A partner should share the expense of a lawsuit when he breaches his fiduciary duty to the other partners.... Respondent could have performed his management duties and charged the partnership for any expenses he incurred. This action merely performed respondent's duties ...

We disagree with appellants' interpretation of this language. As stated in Asarco Inc. v. Air Quality Coalition, 92 Wash. 2d 685, 716, 601 P.2d 501 (1979), the "actual award [in Hsu Ying Li] stemmed from the prevailing party's having preserved partnership assets, i.e., an identifiable fund." No similar considerations are present in the instant action.

Respondent breached his fiduciary duties by renegotiating his fee upward at time of settlement and failing to account. His repayment of $37,500 and appellants' acceptance of that amount before trial constituted an accord and satisfaction. The trial court's refusal to award attorney fees was proper. Accordingly, we affirm.

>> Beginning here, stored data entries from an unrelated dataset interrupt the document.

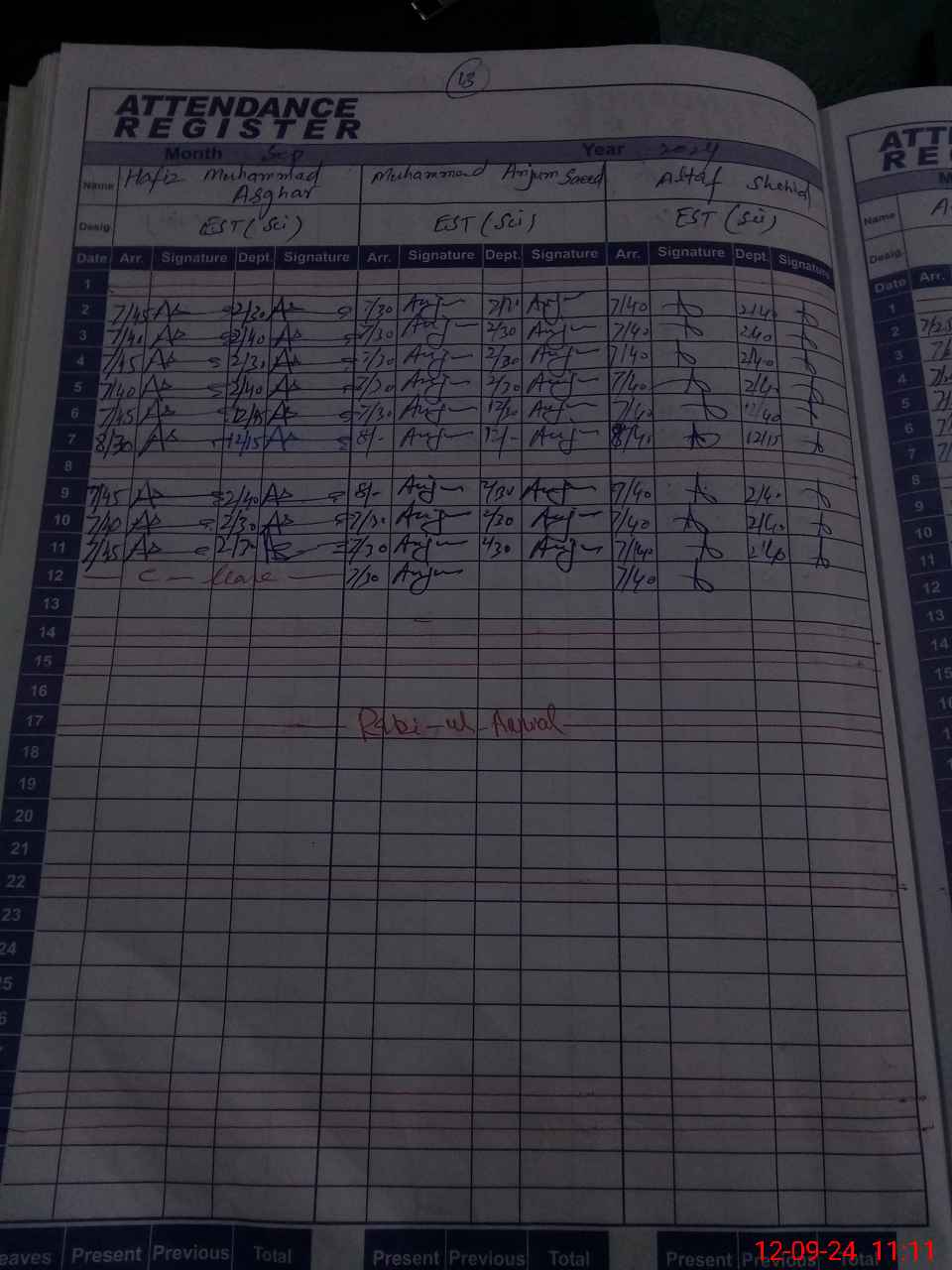 | CNIC | Full Name | Designation | R/C | Absence During Last Calender Month |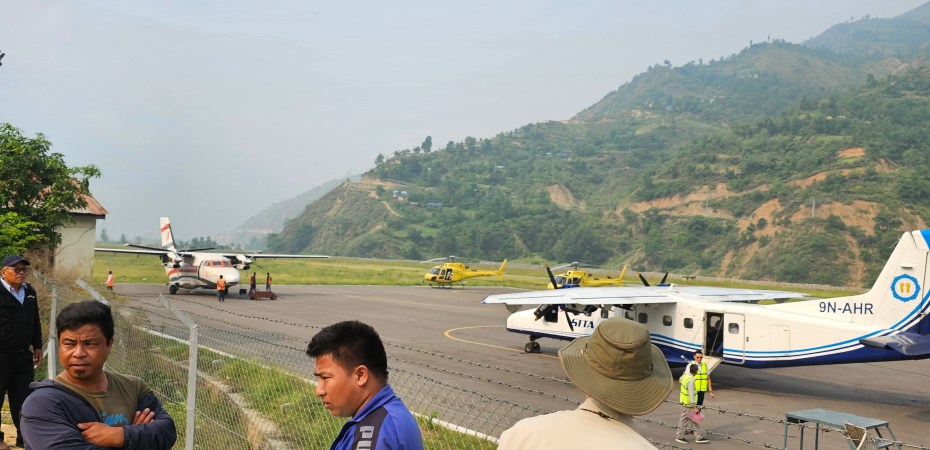Non c’è avventura, soprattutto quelle che si svolgono in questi ambienti che se pur divenuti turistici e antropizzati hanno a che fare sempre con gli elementi della natura, che non comporti la possibilità che quache cosa di imprevisto non si realizzi. Il giorno 2, quello che si sta per concludere, avrebbe contemplato infatti il trasferimento da Kathmandu a Lukla, verso la porta dei campi base himalaiani, dapprima in aereo. Ma le notizie che rimbalzano dall’agenzia la Seven Summit, sono quelle, causa una precedente finestra di maltempo, di una fila di alpinisti in attesa di imbarcarsi di 24-36 ore. Si opta, dunque, per l’elicottero da prendere presso il Ramechhap airport un piccolissimo scalo a 4 ore di auto da Kathmandu.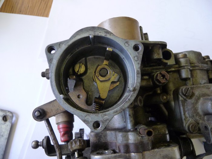 Zdjęty już cały mechanizm ssania, dobrze widać mechanizm mocujący linkę gazu i amortyzator (tak to nazwać?) gazu.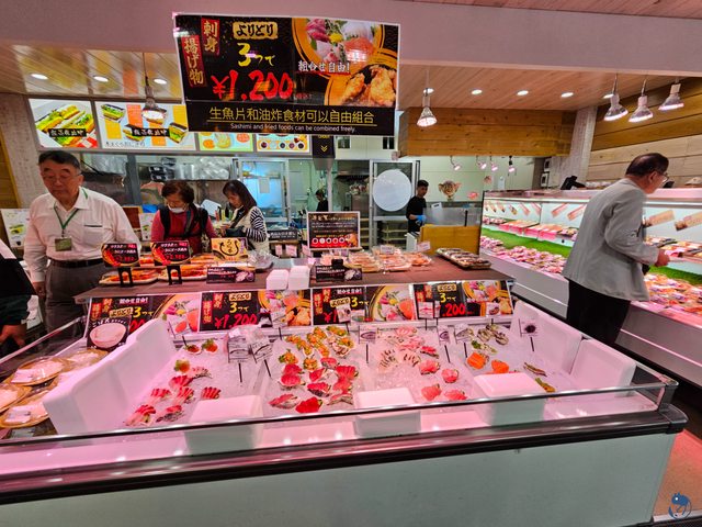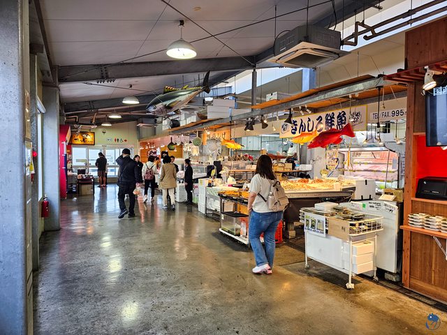 一到道之驛糸滿,馬上直衝糸滿魚市場,小巧精緻的魚市場,一共有十間店家,從生食、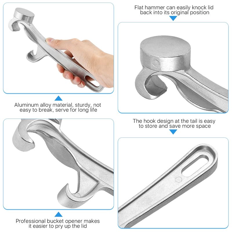 - EASY TO USE: Comfortable handle for increased comfort. Simply press aluminum bucket opener against the edge of the lid pry it up, and repeat the operation on all edges to easily open the lid.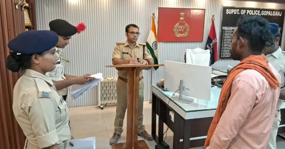 पुलिस अधीक्षक के आदेश पर जिला बल के हवलदार उपेंद्र पांडेय विरुद्ध प्राथमिकी दर्ज करायी गयी। जांच के दौरान इस मामले में पांडेय की संलिप्तता पायी गयी। नगर थाना क्षेत्र के एकडेरवा गांव निवासी होमगार्ड जवान भोला यादव को घर से होमगार्ड कार्यालय थावे जाने के दौरान रास्ते में संजय उर्फ बनरी ने अपने साथियों के साथ मिलकर गोली मारकर हत्या कर दी थी। पांच जनवरी, 2021 को हुई इस हत्या के मामले में पुलिस ने संजय उर्फ बनरी को गिरफ्तार कर लिया। जेल से कोर्ट में पेशी के लिए लाये जाने के दौरान इस साल 19 जनवरी को वह फरार हो गया। मामले की जांच में जिला बल के हवलदार उपेंद्र पांडेय की संलिप्तता पायी गयी।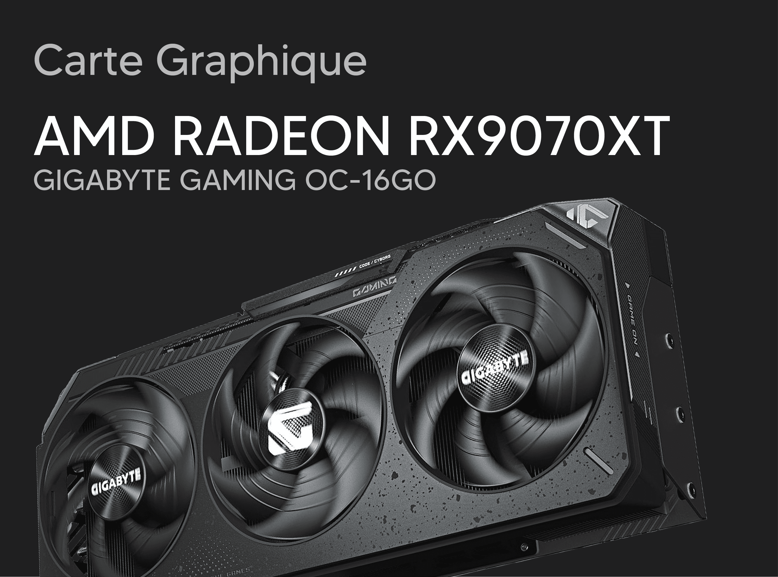 AMD Ryzen 7 7800X3D, Gigabyte RX 9070 XT, Corsair 32 Go DDR5 6000 MHz, Gigabyte B650 Eagle AX, SSD NVMe Crucial 1 To, watercooling Deepcool LD360, alimentation Cooler Master 750 W 80+ Bronze, boîtier Corsair 3500X, Windows 11 (version d’essai).

WILLIAMS, C.J., STAFFORD, UTTER, BRACHTENBACH, DOLLIVER, and PEARSON, JJ., and CUNNINGHAM and MORGAN, JJ. Pro Tem., concur.

NOTES

[1] Testimony indicated that the accepted practice with regard to a structured settlement and contingent fee agreement is to apply the agreed upon percentage to the present value of the settlement. Other methods also exist. See, e.g., Choulos, Structured Settlements: Cure or Curse?, Trial, Nov. 1980, at 73; Krause, Structured Settlements for Tort Victims, 66 A.B.A.J. 1527 (1980); Mangelsdorf, Structured Settlements in Review: The Fundamental Concept, 4 Am. J. of Trial Advoc. 559, 563-64 (1981); Martin, Structured Settlements: Protecting the Plaintiff, Trial, Feb. 1982, at 50.

Of course, in any fee negotiation between an attorney and client CPR EC 2-19 must be kept in mind. That ethical consideration provides:

As soon as feasible after a lawyer has been employed, it is desirable that he reach a clear agreement with his client as to the basis of the fee charges to be made. Such a course will not only prevent later misunderstanding but will also work for good relations between the lawyer and the client. It is usually beneficial to reduce to writing the understanding of the parties regarding the fee, particularly when it is contingent. A lawyer should be mindful that many persons who desire to employ him may have had little or no experience with fee charges of lawyers, and for this reason he should explain fully to such persons the reasons for the particular fee arrangement he proposes.

The instant case is a good example of the usefulness of fully discussing fees and reducing any agreement to writing.